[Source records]
....................
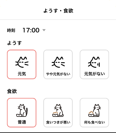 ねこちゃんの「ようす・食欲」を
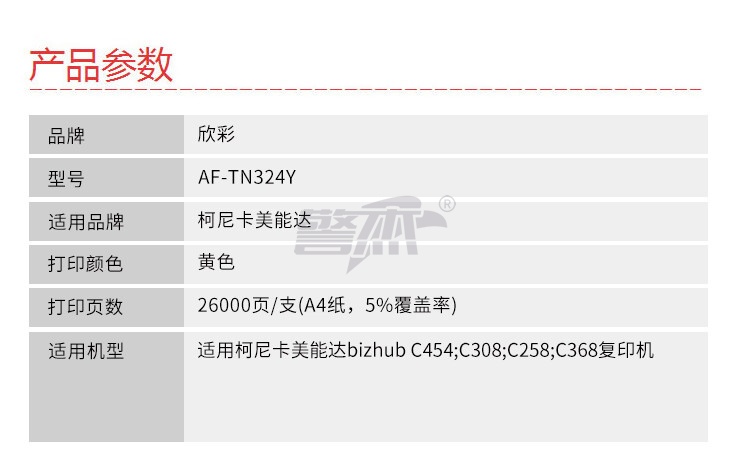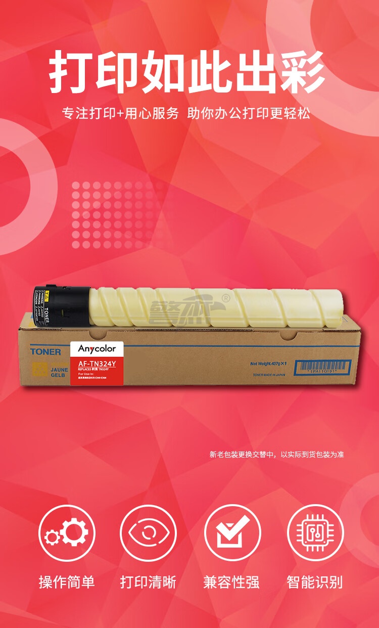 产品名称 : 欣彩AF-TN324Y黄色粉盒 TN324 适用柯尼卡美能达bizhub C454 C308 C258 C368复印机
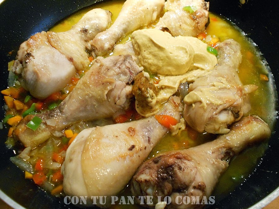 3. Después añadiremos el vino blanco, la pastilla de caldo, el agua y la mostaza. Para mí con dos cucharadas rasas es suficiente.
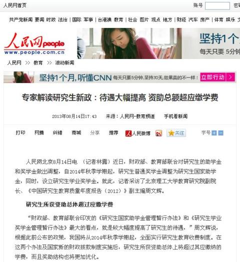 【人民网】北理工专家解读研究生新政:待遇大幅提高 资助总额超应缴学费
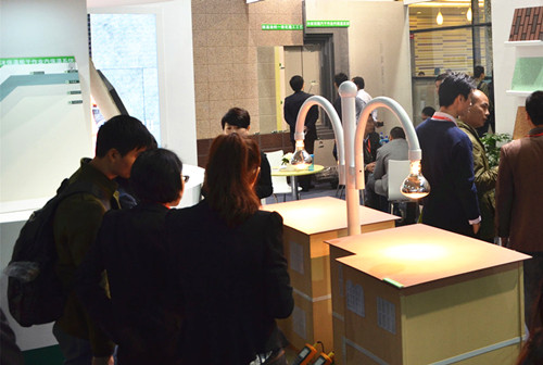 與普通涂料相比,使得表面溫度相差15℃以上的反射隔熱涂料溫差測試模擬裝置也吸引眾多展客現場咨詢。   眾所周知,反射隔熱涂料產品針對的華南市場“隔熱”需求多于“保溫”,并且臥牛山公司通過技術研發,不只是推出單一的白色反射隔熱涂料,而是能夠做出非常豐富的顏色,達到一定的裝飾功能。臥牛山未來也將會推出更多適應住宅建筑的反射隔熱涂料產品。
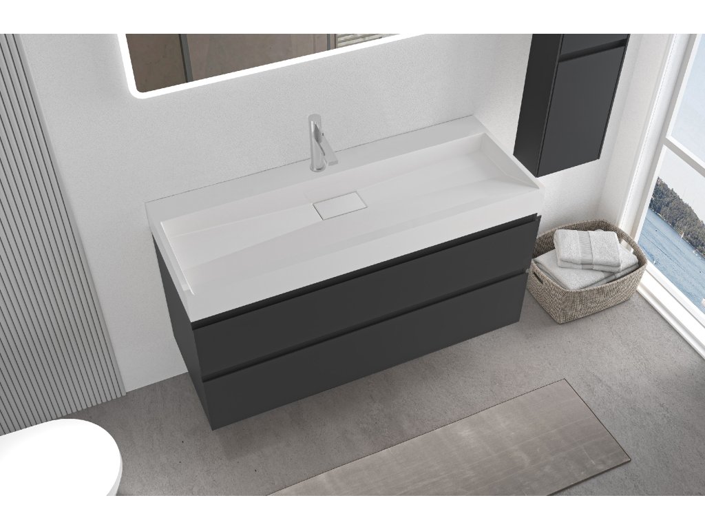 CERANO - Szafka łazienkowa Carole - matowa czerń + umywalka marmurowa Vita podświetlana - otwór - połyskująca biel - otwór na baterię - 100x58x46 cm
....................
- [WHAT IS REQUIRED] Every record is to be repeated exactly, and no picture is carried over.

- [SOLVED PROBLEM]
 ねこちゃんの「ようす・食欲」を
 产品名称 : 欣彩AF-TN324Y黄色粉盒 TN324 适用柯尼卡美能达bizhub C454 C308 C258 C368复印机
 3. Después añadiremos el vino blanco, la pastilla de caldo, el agua y la mostaza. Para mí con dos cucharadas rasas es suficiente.
 【人民网】北理工专家解读研究生新政:待遇大幅提高 资助总额超应缴学费
 與普通涂料相比,使得表面溫度相差15℃以上的反射隔熱涂料溫差測試模擬裝置也吸引眾多展客現場咨詢。   眾所周知,反射隔熱涂料產品針對的華南市場“隔熱”需求多于“保溫”,并且臥牛山公司通過技術研發,不只是推出單一的白色反射隔熱涂料,而是能夠做出非常豐富的顏色,達到一定的裝飾功能。臥牛山未來也將會推出更多適應住宅建筑的反射隔熱涂料產品。
 CERANO - Szafka łazienkowa Carole - matowa czerń + umywalka marmurowa Vita podświetlana - otwór - połyskująca biel - otwór na baterię - 100x58x46 cm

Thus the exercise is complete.